Bio:  Eric Seedorff was born in Carlsbad, New Mexico , and raised in a mining family. Eric earned a BS degree in Geology from the University of California, Davis (1977), and MS (1981) and PhD (1987) degrees in the Ore Deposits and Exploration Program in the Department of Applied Earth Sciences, Stanford University. Eric’s MS project was on the Royston porphyry copper prospect western Nevada that was faulted and tilted by Tertiary normal faults, and his PhD was an alteration study of the Henderson porphyry molybdenum deposit, Colorado. Before and during graduate school he held temporary jobs in exploration in Nevada, mostly for Noranda and mostly exploring for porphyry molybdenum deposits.

After completing graduate school, Eric was as an exploration geologist based in Reno, Nevada, working in Carlin-type, porphyry-related, and low-sulfidation epithermal gold systems, first for Chevron Resources and then for WestGold, each of which left the mineral exploration business. Eric joined Magma Copper Company in 1991 and moved to Ely, Nevada, to become Chief Mine Geologist for Magma on the Robinson project, first while it was still an operating gold mine and later as it became a copper development project. It was in 1991 that his obsession began to accomplish a 3-D structural reconstruction of Robinson. Prior to opening of the new Cu-(Mo-Au) mine at Robinson, Eric started traveling overseas for Magma evaluating exploration and development opportunities and in 1995 was transferred to Tucson to become Chief Geologist of Magma Copper Company. In his year in that position, he helped lead growth of their exploration program, including expansion of efforts in Mexico and Chile and initiation of programs in the Southwestern United States and in Mongolia. Magma was purchased by Melbourne-based BHP in January 1996, and Eric wound up in the Growth and Technology Group of BHP Copper that which was based in San Francisco, but he succeeded in remaining in Tucson. As Vice President Mineral Resources for BHP Copper, he had responsibilities in coordinating ore reserve reporting across BHP Copper, in being BHP Copper’s liaison to BHP’s global greenfields exploration group, in overseeing brownfields exploration at several sites, and as project manager for the scoping stage of the Magma Porphyry (now Resolution) project near Superior, Arizona. Eric chose to leave BHP in late 1999, after which he and two partners operated a failed entrepreneurial venture to build a new producing copper company from scratch.
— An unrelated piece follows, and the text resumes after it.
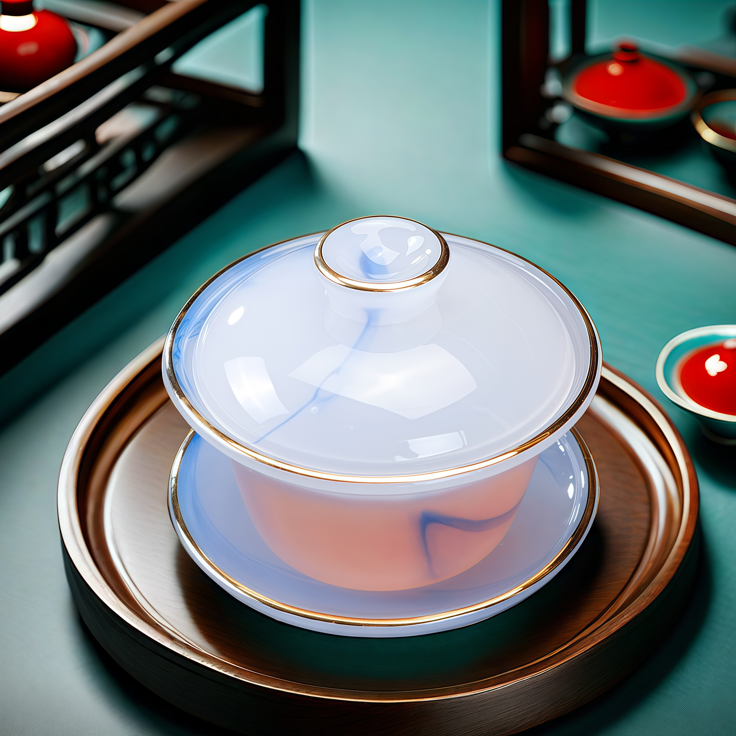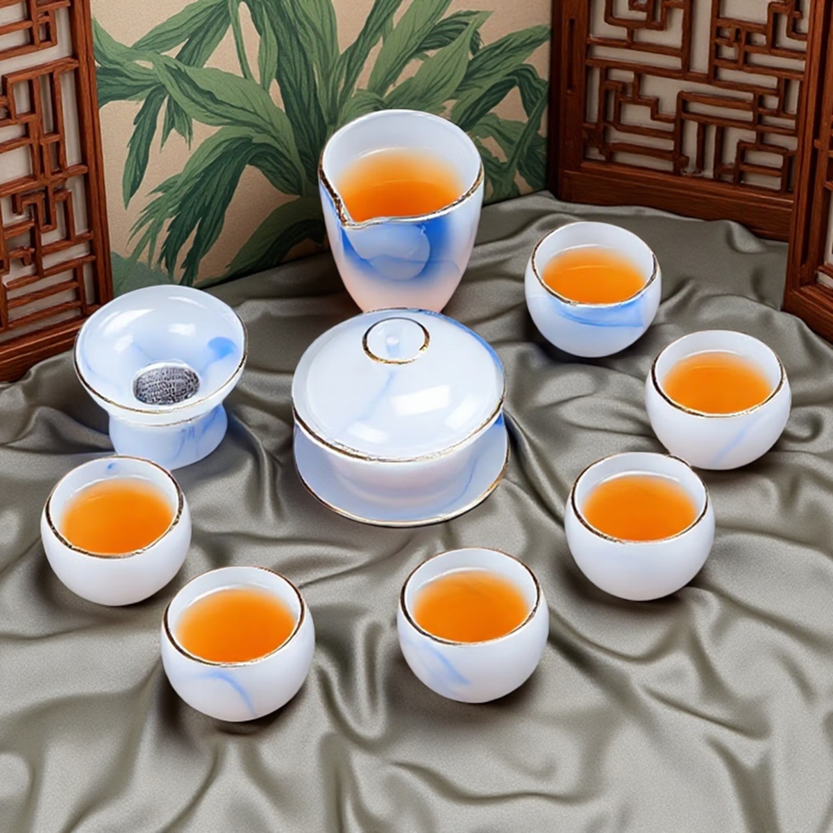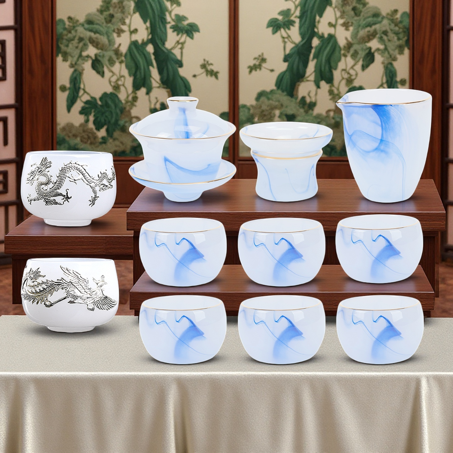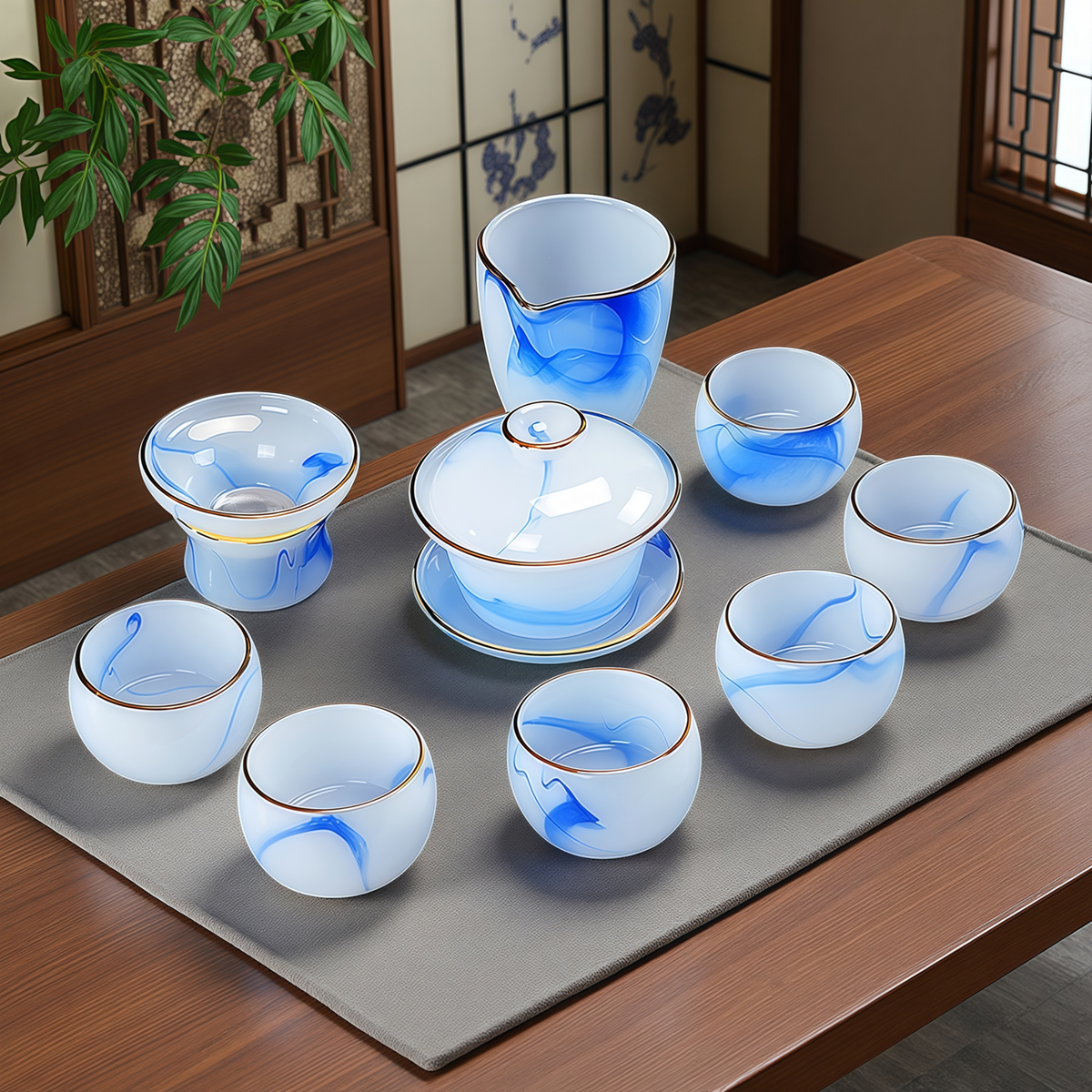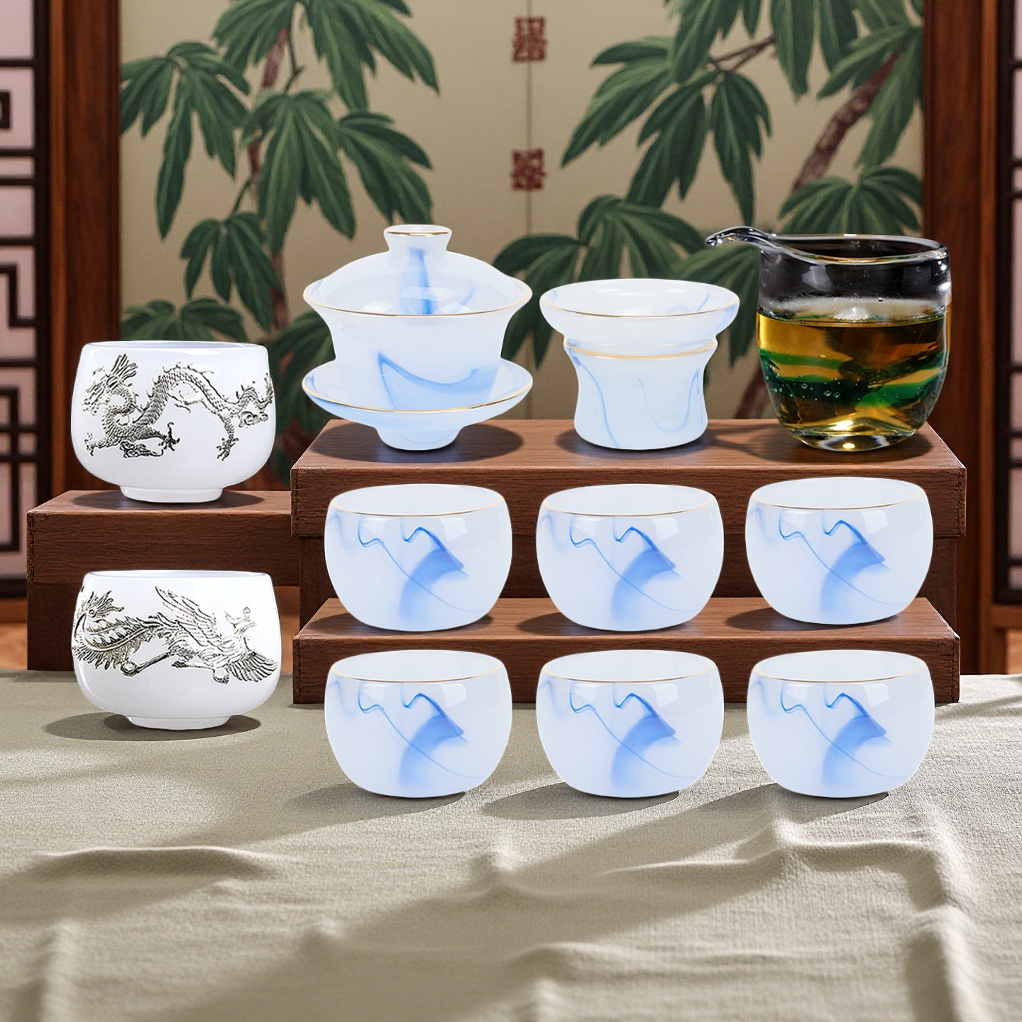 Fumei ancient house, gilt blue and white jade porcelain Kung Fu tea set, high-end gift box for elders and friends, business gift for housewarming and opening ceremony, gilt blue and white jade porcelain tea set, Buddha said crystal cup, 11 pieces

Eric became a faculty member in the Geosciences Department, University of Arizona, in January 2002 as the first holder of the Lowell Chair in Economic Geology. He leads a post-graduate education and training program for geologists in the minerals industry and has students in conventional MS and PhD programs and in the Professional Science Masters in Economic Geology program. His principal research interests are in porphyry-related deposits, extensional tectonics, and hydrothermal alteration-mineralization processes.

Eric has been active in the Society of Economic Geologists and is a past President of both the Arizona Geological Society and the Geological Society of Nevada.